HA! Yes. Indeed I do. I have been spending a lot of time getting into some of the other systems within the company, so I have not gotten to devote a lot of time to this yet, but I have full access to our green coffee and roasting equipment at any and all times. Most of the time I spend roasting is spent with other people either during a class, or a demo, or simply talking shop. I was recently able to take a trip through Saudi Arabia and Kuwait and teach four two day courses. I was able to roast on a lot of interesting equipment on this trip and it just continued to drive home how special our machines are.
I have been enjoying a natural Ethiopia that we picked up from Cafe Imports. But, if I am honest, I find the most joy in whatever is in the drum at the time I am roasting it. I know that sounds cheesy and made up, but it is absolutely true.
What advice would you give to an aspiring roaster? (Besides watching “Roasting Concepts”!)
Every roaster is different in their own goals and aspirations. Being successful in roasting is not about producing the perfect roast, the perfect coffee, the ultimate machine. If you chase that myth, you will only find disappointment and form firm ideals around how one “should” roast coffee. Being successful in roasting is about you. This is why it is very hard for me to define. It is about fulfillment, contentment, respect, equity in something, and so many other things. I know that for myself, it is that sense that I am making the world a better place, I am supporting my family, I am helping people around the world support their families, I am creating something of beauty that matters, and I am heard as a professional. In roasting, there are a lot of roadblocks to many people in achieving these goals. For those folks who cannot achieve this through the traditional methods of simply getting a job at a great company as a roaster, I recommend working toward creating your own thing. Carve out your success, and work toward including others in that space who have experienced your same struggle.

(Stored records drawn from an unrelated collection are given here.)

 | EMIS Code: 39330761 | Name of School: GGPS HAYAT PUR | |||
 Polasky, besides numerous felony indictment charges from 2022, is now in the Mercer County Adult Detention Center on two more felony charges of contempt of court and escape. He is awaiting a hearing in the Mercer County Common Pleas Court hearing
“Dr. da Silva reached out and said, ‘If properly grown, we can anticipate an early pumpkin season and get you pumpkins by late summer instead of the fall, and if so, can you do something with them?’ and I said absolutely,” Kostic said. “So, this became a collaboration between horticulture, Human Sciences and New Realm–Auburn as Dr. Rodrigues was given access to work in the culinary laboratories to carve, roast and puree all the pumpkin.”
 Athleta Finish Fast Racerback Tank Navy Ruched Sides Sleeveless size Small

Ok, that may be a bit more philosophical than you were hoping for. Here are some practical things as well.
- Roast a bunch and fail a bunch. Burn a bunch of coffee.
- Taste everything you roast.
- Taste other people’s roasts.
- Try to get on a number of different machines.

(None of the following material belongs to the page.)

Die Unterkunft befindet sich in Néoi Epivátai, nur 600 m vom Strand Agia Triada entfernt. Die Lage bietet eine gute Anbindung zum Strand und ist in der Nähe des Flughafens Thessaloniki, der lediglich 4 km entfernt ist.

- Try a bunch of different strategies.
- Stop freaking out about dark roasts, and realize that a roast level is not a moral issue.
- Don’t believe everything you hear just because a powerful voice says it.
- Don’t disregard everything you hear, because there is likely a nugget of truth in just about everything, or that individual would not believe it.
- Try to find something beyond yourself to work for in your pursuit for success, in order to make your success actually valuable and not simply ego.
- Collaborate with people who you strongly disagree with.
- Stop being as worried about long-term success and try to focus in on the short-term successes every day. If you do the small things well, they snowball to big things.
- Focus your attention on—in other words, be mindful and intentional—when eating. Every taste experience you have is a learning opportunity.
- Try to sleep well, eat well, move often, drink moderately, and stay healthy. Nothing is more important to your success than your health.
- Remember, the best roasters on earth are likely the people who you will never see on video or in a magazine. The best of us are too busy ROASTING for all of that.